My love for photos and that one time I threw them away.

I got my first camera at age 7 or 8 and I haven’t stopped taking photos since.

My parents were always taking photos, and still are, and it’s what I was used to. My mom kept her photos very organized. She had a big bookshelf full of albums and scrapbooks of our kid artwork and other childhood “important” papers. There were family photo albums, and then albums for each of us kids. We looked at the albums so much that they started to fall apart, and Mom liked to point out that they were expensive albums that were supposed to last forever. Oops. For as long as I can remember, photos and memories have always been a part of my life, and I’ve always found them important. I followed after Mom’s example and even in second or third grade started my very own photo albums of my photos. I had no idea that most of the population didn’t take so many photos, and if they did, they were most likely stored in shoe boxes in drawers, under beds, or in the attic.

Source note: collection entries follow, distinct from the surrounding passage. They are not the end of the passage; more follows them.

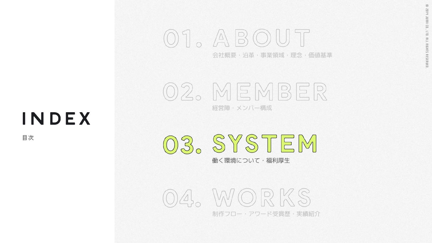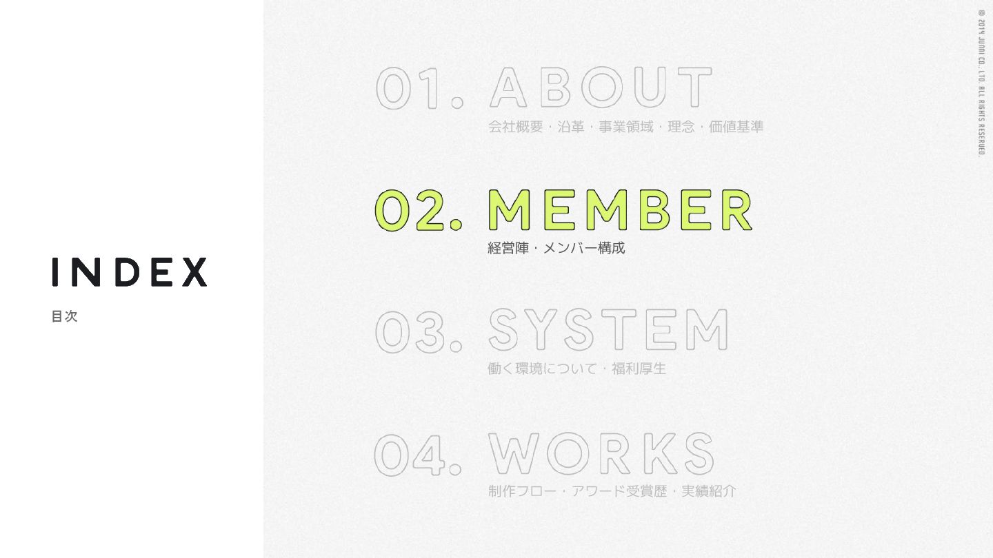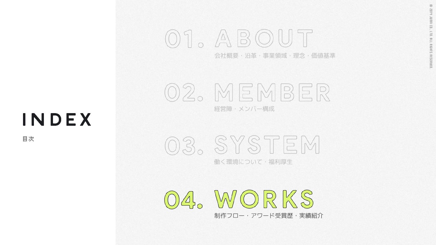 目次 会社概要・沿革・事業領域・理念・価値基準 経営陣・メンバー構成 制作フロー・アワード受賞歴・実績紹介 働く環境について・福利厚生
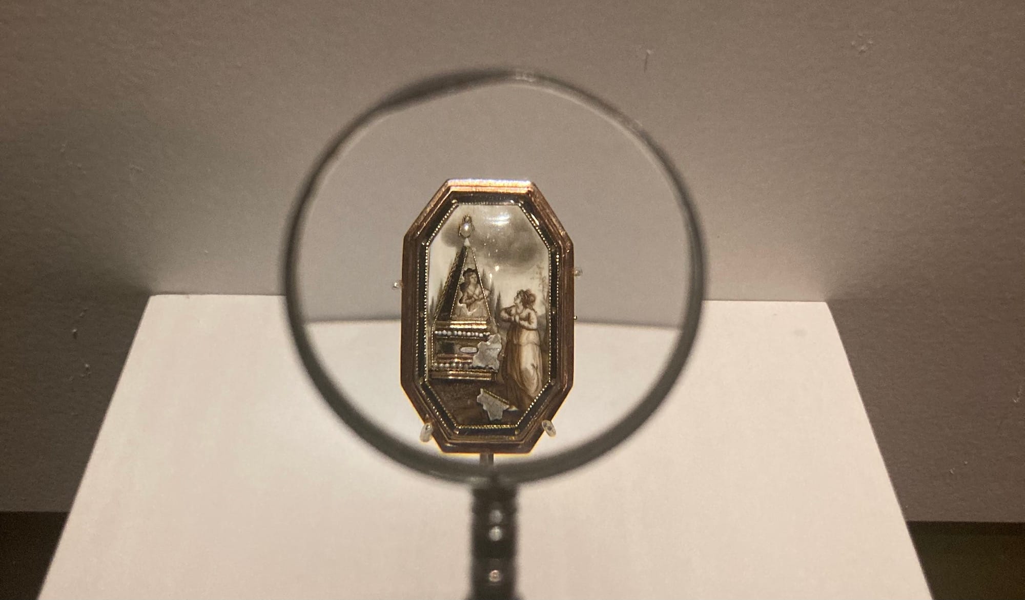 "Memorial for S.C. Washington," (c. 1789), watercolor, chopped hair, gold wire, pearls, and applied ivory on ivory, promised bequest of Davida Tenenbaum Deutsch and Alvin Deutsch, L.L.B., 1958, in honor of Kathleen Luhrs, Yale University Art Gallery, New Haven, Connecticut
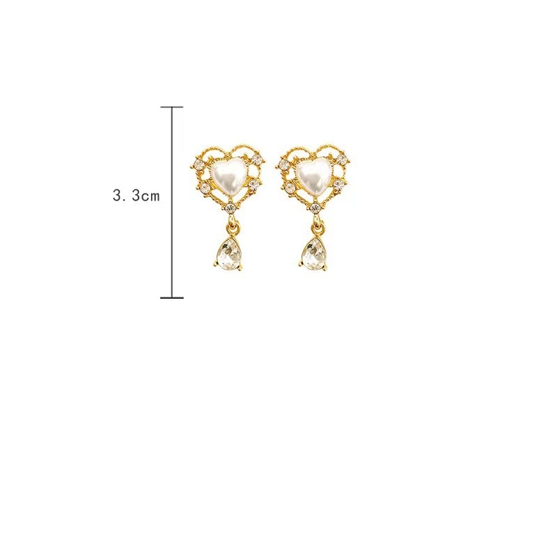 Women's Sterling Silver Needle French Vintage Pearl Love Heart Earrings
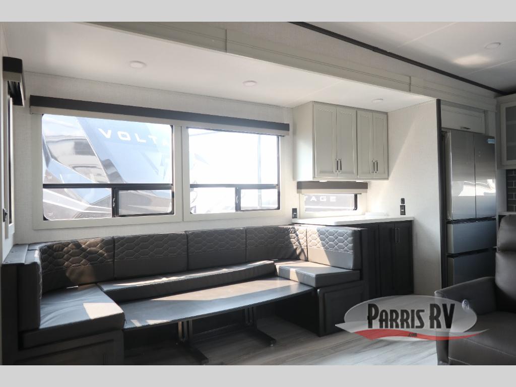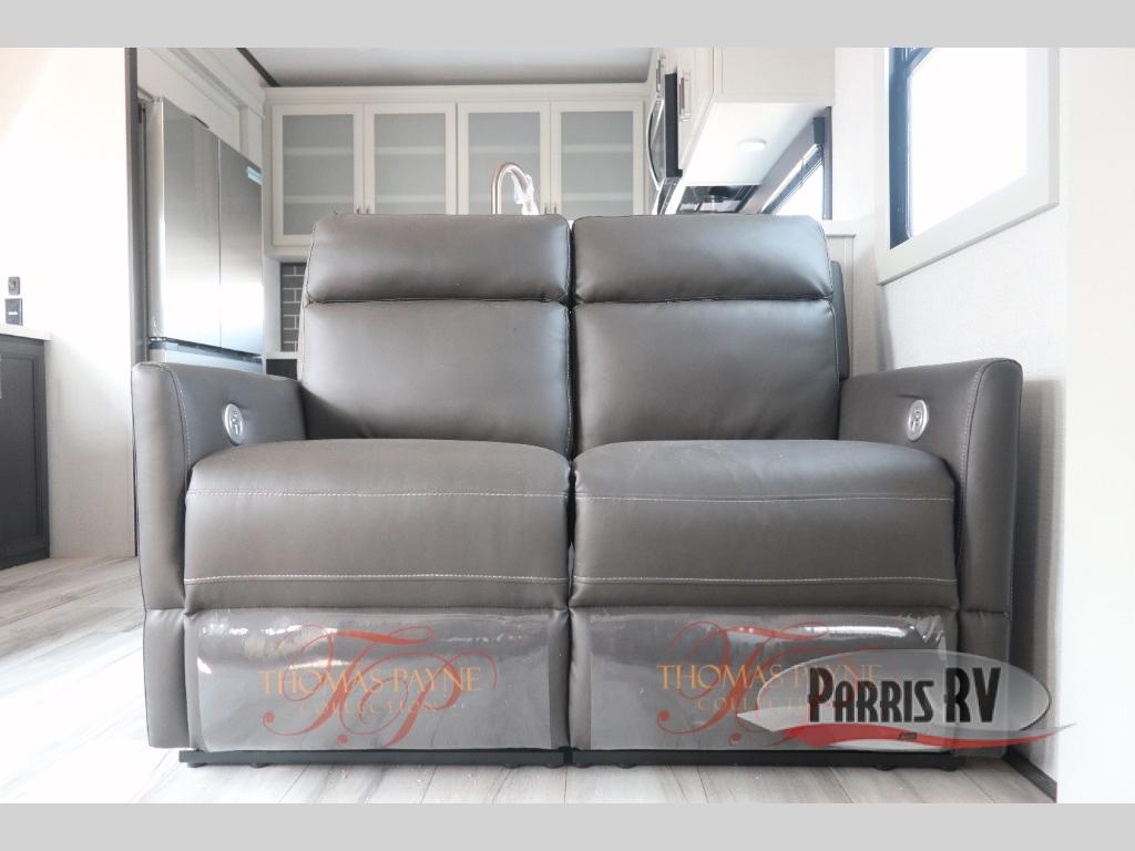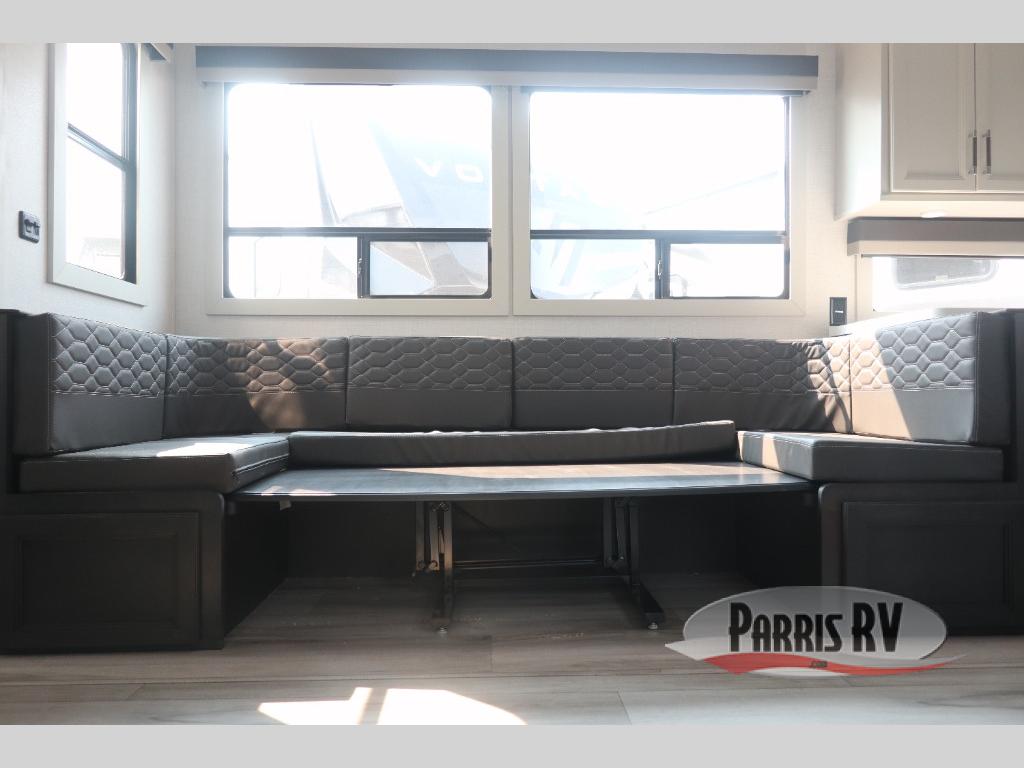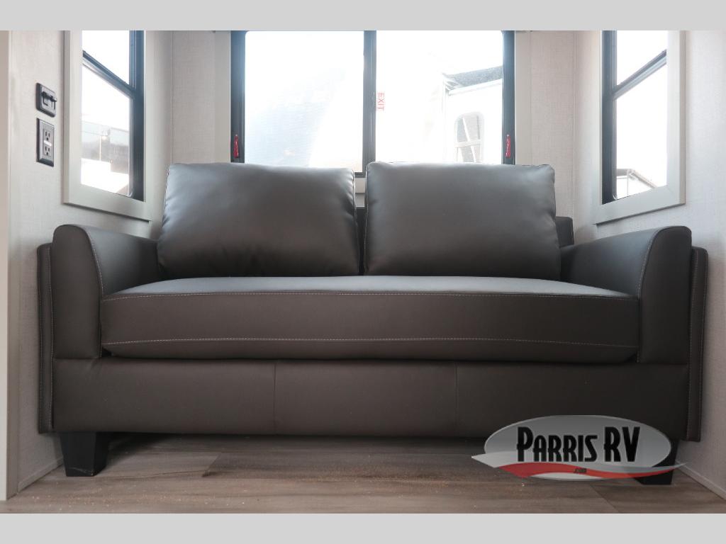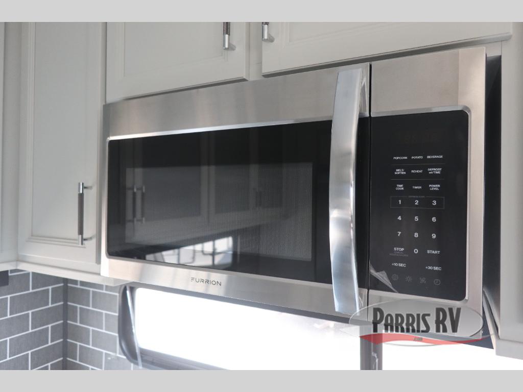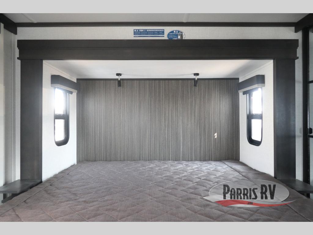 The whole gang will love camping in this fifth wheel since there is space for everyone! A front master bedroom includes a king bed slide out, master closet, and stackable washer and dryer prep if you choose to go full-time. Your guests or little ones will love the middle bunkhouse with a flip bunk above a hide-a-bed sofa, along with a pull-out table and storage space. Everyone can meet in the living area which features dual opposing slides for more space, theater seating, a sleeper sofa, and a U-shaped dinette, providing even more sleeping space. And check out the rear kitchen with its wrap-around counter space, Furrion appliances, and large pantry to keep snacks stocked!

In high school I made the old-fashioned sort of scrapbooks, but my freshman year of college (’98-’99) Mom introduced me to a whole new kind of scrapbooking. It consisted of pretty papers and scissors and templates. Mom gave me a scrapbook and papers and other tools to start a book of my own (I think for Christmas). After that, each summer, in between years at college, I would come home and scrapbook the last school year of photos. I would set up a table in the living room and camp out there for a couple of days scrapping all of my photos before my busy summer at work started up at the hotel (and later this hotel).

The summer after I graduated from college, I went on choir tour to Norway and Sweden, then lived in an apartment I knew was just for the summer, then on to a house for a couple of months, then to an apartment I had a lease for a year for with my friend Kristy (and then Sarah/saraj).  2002 was a crazy busy unstable year to say the least. At the beginning of the summer my beloved camera that I had gotten in 1996 before my summer in Paraguay, had finally broken. Dad knew that I had a bunch of friends getting married that summer and how much I loved taking photos, so he surprised me with a new fuji camera. I was ecstatic! I took so many photos that summer.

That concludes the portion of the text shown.